Within the entries below, please retype exactly the lines starting with the line that has "MF Paints ISO-STAIN" and going on through the line that has "Пастила фруктовая без", but not the pictures.

#### Information shown:
Content starts

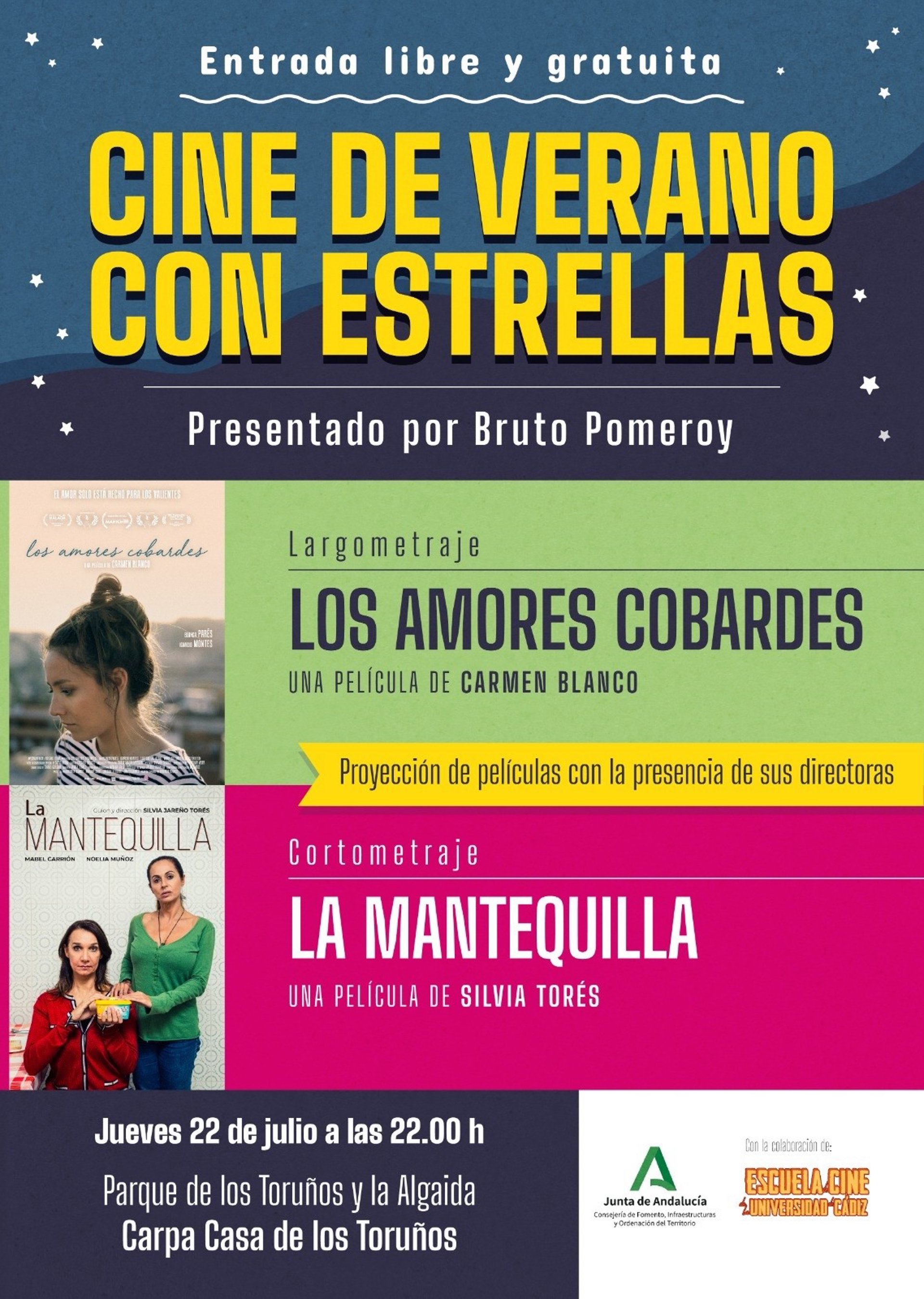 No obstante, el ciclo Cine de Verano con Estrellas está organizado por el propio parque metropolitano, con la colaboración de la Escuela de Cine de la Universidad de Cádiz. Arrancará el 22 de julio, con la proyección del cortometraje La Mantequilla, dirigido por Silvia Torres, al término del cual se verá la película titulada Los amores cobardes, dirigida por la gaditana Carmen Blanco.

Content ends
Content starts

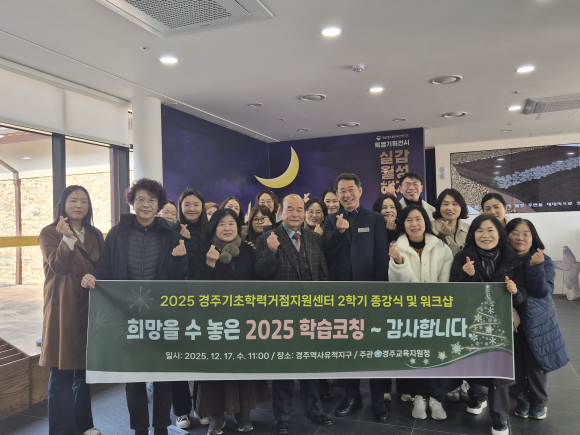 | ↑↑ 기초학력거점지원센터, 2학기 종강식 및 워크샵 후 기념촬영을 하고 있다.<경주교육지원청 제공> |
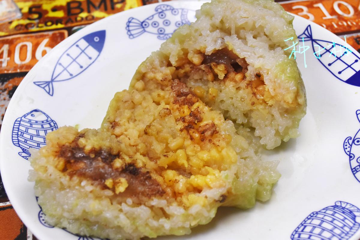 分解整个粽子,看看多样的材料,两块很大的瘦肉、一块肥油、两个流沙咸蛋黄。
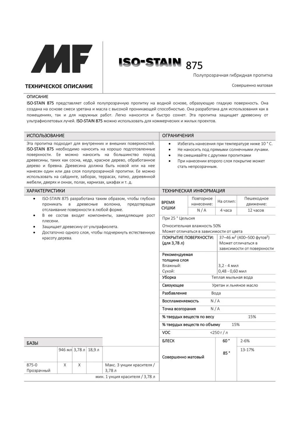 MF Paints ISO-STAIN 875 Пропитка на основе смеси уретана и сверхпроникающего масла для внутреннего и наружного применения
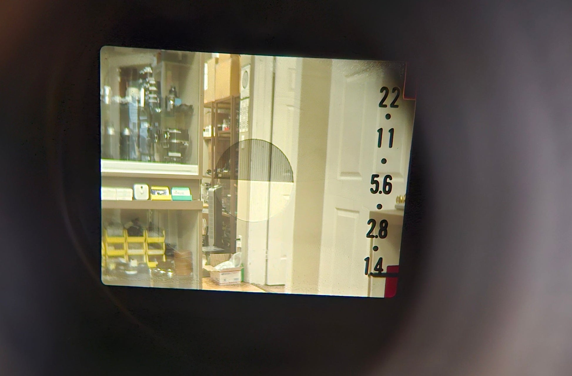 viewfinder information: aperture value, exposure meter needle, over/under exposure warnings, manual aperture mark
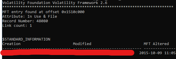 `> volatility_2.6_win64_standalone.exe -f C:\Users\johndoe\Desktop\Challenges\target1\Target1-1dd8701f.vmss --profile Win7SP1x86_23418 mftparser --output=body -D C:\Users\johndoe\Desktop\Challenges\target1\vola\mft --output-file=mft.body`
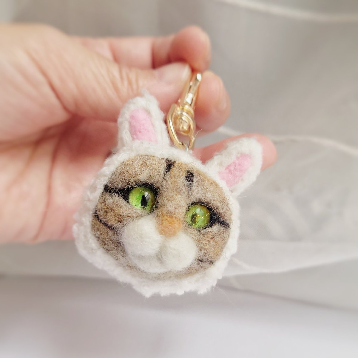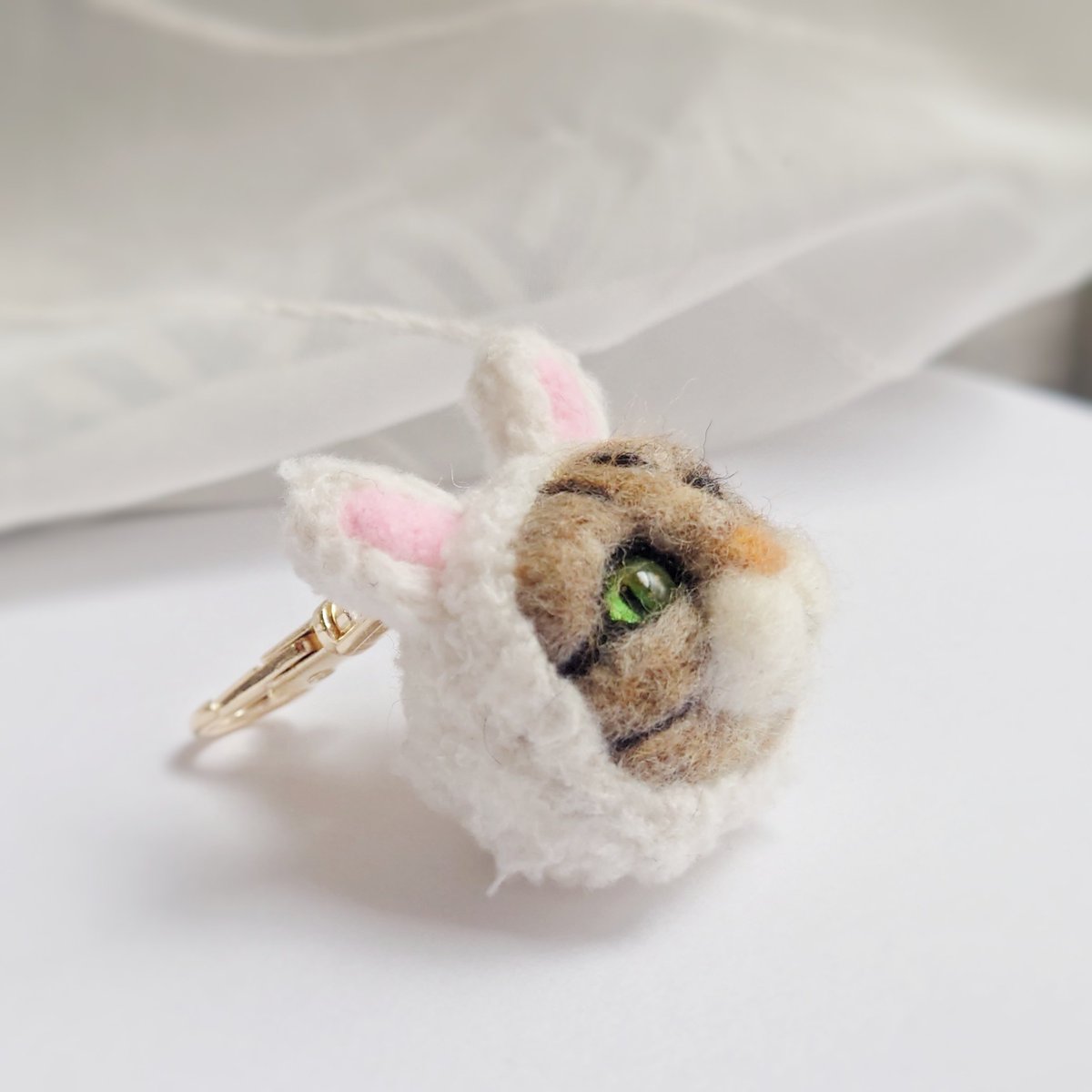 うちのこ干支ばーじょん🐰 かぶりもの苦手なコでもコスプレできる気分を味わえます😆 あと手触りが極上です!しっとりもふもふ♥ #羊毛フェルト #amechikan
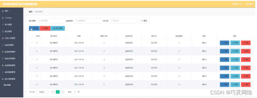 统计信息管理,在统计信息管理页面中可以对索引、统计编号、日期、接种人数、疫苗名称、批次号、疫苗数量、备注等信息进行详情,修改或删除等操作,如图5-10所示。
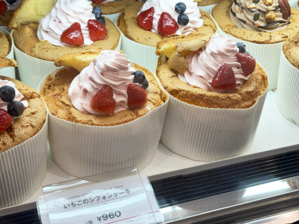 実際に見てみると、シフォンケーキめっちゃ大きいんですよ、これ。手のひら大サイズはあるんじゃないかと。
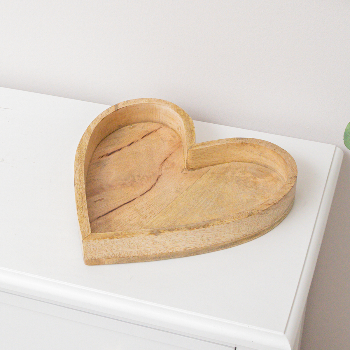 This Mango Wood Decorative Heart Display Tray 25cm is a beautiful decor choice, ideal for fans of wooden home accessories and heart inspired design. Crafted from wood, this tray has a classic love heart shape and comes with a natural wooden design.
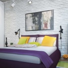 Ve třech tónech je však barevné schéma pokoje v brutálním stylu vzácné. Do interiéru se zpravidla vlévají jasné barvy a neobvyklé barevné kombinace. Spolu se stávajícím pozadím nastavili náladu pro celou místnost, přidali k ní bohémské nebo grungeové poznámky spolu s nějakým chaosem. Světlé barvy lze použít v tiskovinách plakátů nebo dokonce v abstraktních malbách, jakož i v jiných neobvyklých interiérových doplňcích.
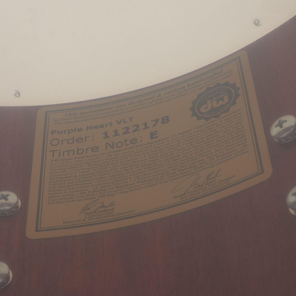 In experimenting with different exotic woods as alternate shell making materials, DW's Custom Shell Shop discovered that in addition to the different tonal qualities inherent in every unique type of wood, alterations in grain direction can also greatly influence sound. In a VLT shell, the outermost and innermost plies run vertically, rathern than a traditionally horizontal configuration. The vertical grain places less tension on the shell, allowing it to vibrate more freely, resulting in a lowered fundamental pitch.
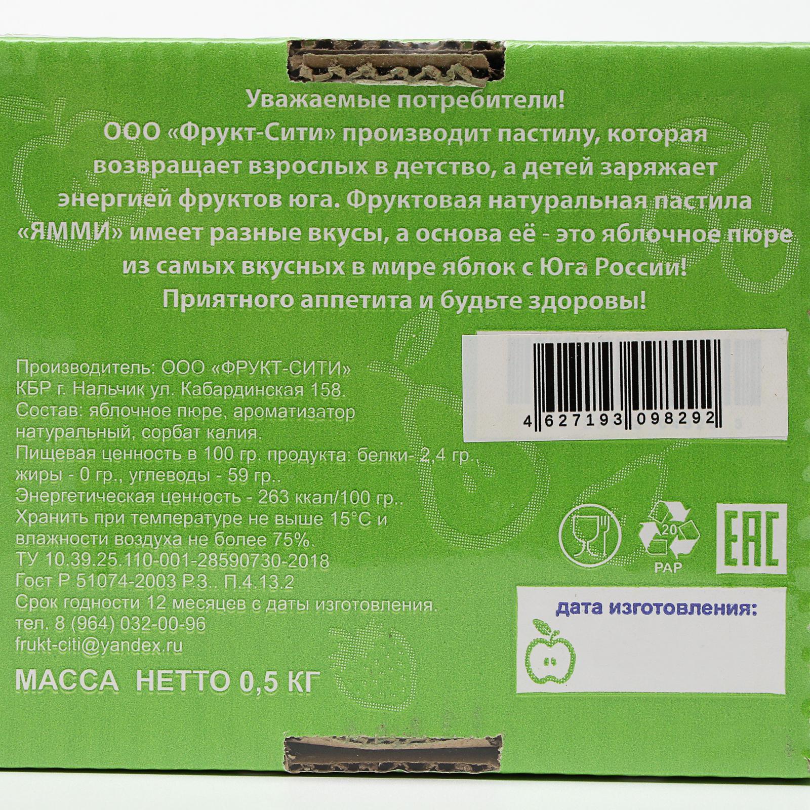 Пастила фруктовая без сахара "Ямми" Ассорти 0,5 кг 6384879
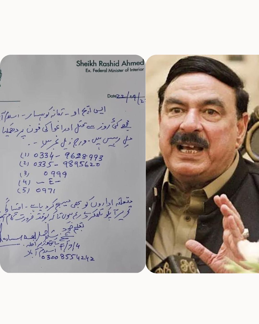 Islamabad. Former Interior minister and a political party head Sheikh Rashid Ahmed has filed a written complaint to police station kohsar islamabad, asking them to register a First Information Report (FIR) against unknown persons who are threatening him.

Content ends
Content starts

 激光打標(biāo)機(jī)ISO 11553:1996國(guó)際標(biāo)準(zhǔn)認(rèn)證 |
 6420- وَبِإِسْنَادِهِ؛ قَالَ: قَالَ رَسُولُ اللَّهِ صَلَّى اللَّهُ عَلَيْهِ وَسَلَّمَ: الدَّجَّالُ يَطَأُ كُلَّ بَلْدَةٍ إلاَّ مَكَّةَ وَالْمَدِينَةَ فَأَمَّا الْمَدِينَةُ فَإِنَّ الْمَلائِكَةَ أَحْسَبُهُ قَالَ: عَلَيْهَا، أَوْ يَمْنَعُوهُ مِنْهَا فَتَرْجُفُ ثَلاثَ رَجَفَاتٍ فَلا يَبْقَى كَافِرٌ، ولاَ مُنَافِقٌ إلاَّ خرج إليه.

Content ends

#### Written response:
 MF Paints ISO-STAIN 875 Пропитка на основе смеси уретана и сверхпроникающего масла для внутреннего и наружного применения
 viewfinder information: aperture value, exposure meter needle, over/under exposure warnings, manual aperture mark
 `> volatility_2.6_win64_standalone.exe -f C:\Users\johndoe\Desktop\Challenges\target1\Target1-1dd8701f.vmss --profile Win7SP1x86_23418 mftparser --output=body -D C:\Users\johndoe\Desktop\Challenges\target1\vola\mft --output-file=mft.body`
 うちのこ干支ばーじょん🐰 かぶりもの苦手なコでもコスプレできる気分を味わえます😆 あと手触りが極上です!しっとりもふもふ♥ #羊毛フェルト #amechikan
 统计信息管理,在统计信息管理页面中可以对索引、统计编号、日期、接种人数、疫苗名称、批次号、疫苗数量、备注等信息进行详情,修改或删除等操作,如图5-10所示。
 実際に見てみると、シフォンケーキめっちゃ大きいんですよ、これ。手のひら大サイズはあるんじゃないかと。
 This Mango Wood Decorative Heart Display Tray 25cm is a beautiful decor choice, ideal for fans of wooden home accessories and heart inspired design. Crafted from wood, this tray has a classic love heart shape and comes with a natural wooden design.
 Ve třech tónech je však barevné schéma pokoje v brutálním stylu vzácné. Do interiéru se zpravidla vlévají jasné barvy a neobvyklé barevné kombinace. Spolu se stávajícím pozadím nastavili náladu pro celou místnost, přidali k ní bohémské nebo grungeové poznámky spolu s nějakým chaosem. Světlé barvy lze použít v tiskovinách plakátů nebo dokonce v abstraktních malbách, jakož i v jiných neobvyklých interiérových doplňcích.
 In experimenting with different exotic woods as alternate shell making materials, DW's Custom Shell Shop discovered that in addition to the different tonal qualities inherent in every unique type of wood, alterations in grain direction can also greatly influence sound. In a VLT shell, the outermost and innermost plies run vertically, rathern than a traditionally horizontal configuration. The vertical grain places less tension on the shell, allowing it to vibrate more freely, resulting in a lowered fundamental pitch.
 Пастила фруктовая без сахара "Ямми" Ассорти 0,5 кг 6384879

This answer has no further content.